Deploy on AWS¶

You can run Roboflow Inference on machines hosted on Amazon Web Services.

This is ideal if you want to benefit from all of the features Inference has to offer but also want to manage your own cloud infrastructure.

Set up an AWS EC2 instance¶

To get started, you will need an EC2 instance running on AWS.

For deploying instances, we recommend SkyPilot, a tool designed to help you set up cloud instances for AI projects.

To get started, run the following command on your own machine:

pip install inference "skypilot[gcp,aws]"

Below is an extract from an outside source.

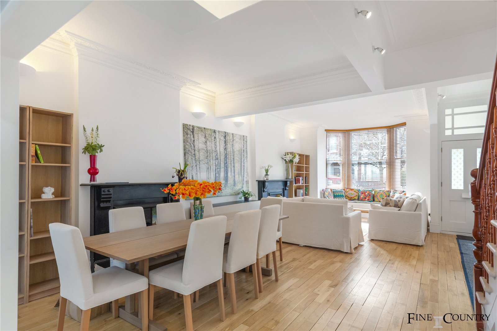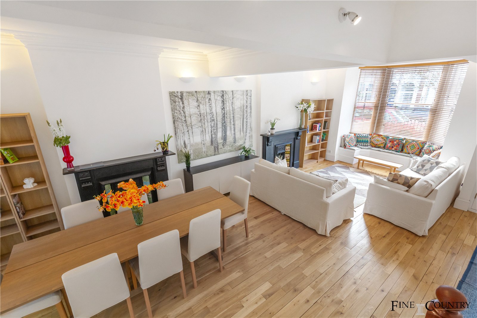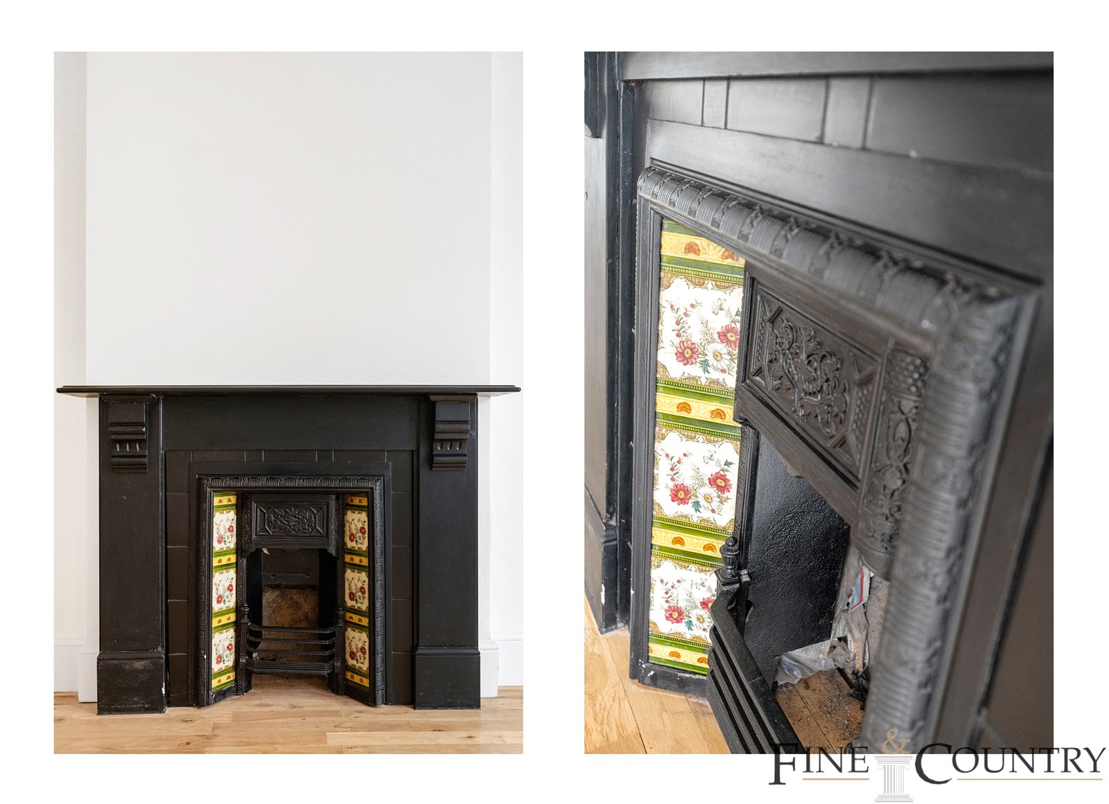 As you approach this exquisite residence, a neatly paved front garden guides you to a charming stained-glass front door, opening to reveal a breath-taking open-plan reception room. This stunning space is defined by high ceilings, elegant wood flooring, and an abundance of natural light cascading through the majestic bay windows. The room is further graced with a pair of cast iron fireplaces adorned with floral patterns, echoing the Victorian era's distinctive charm.

Follow the SkyPilot AWS documentation to authenticate with AWS

Then, run:

inference cloud deploy --provider aws --compute-type gpu

This will provision a GPU-capable instance in AWS.

The latest version of Roboflow Inference will be automatically installed on the machine.

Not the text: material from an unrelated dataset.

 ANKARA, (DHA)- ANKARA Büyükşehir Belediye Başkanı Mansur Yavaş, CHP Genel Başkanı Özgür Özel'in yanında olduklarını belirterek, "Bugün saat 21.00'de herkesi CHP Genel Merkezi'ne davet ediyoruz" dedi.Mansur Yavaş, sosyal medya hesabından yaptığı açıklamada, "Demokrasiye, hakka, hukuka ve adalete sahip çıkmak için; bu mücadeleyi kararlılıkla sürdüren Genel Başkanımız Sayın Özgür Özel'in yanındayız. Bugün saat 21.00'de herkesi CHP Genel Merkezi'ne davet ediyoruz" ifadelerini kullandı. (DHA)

When the command has run, you should see a message like:

Deployed Roboflow Inference to aws on gpu, deployment name is ...
To get a list of your deployments: inference status
To delete your deployment: inference undeploy ...
To ssh into the deployed server: ssh ...
The Roboflow Inference Server is running at http://34.66.116.66:9001

You can then use the API endpoint for your server for use in running models.

You can run any model that Inference supports, including object detection, segmentation, classification, and keypoint models that you have available on Roboflow, and foundation models like CLIP, PaliGemma, SAM-2, and more.

Next Steps¶

Once you've decided on a deployment method and have a server running, interfacing with it is easy.

Fill in your api_url with the IP address of your VM and the port (9001 by default) your server is running on.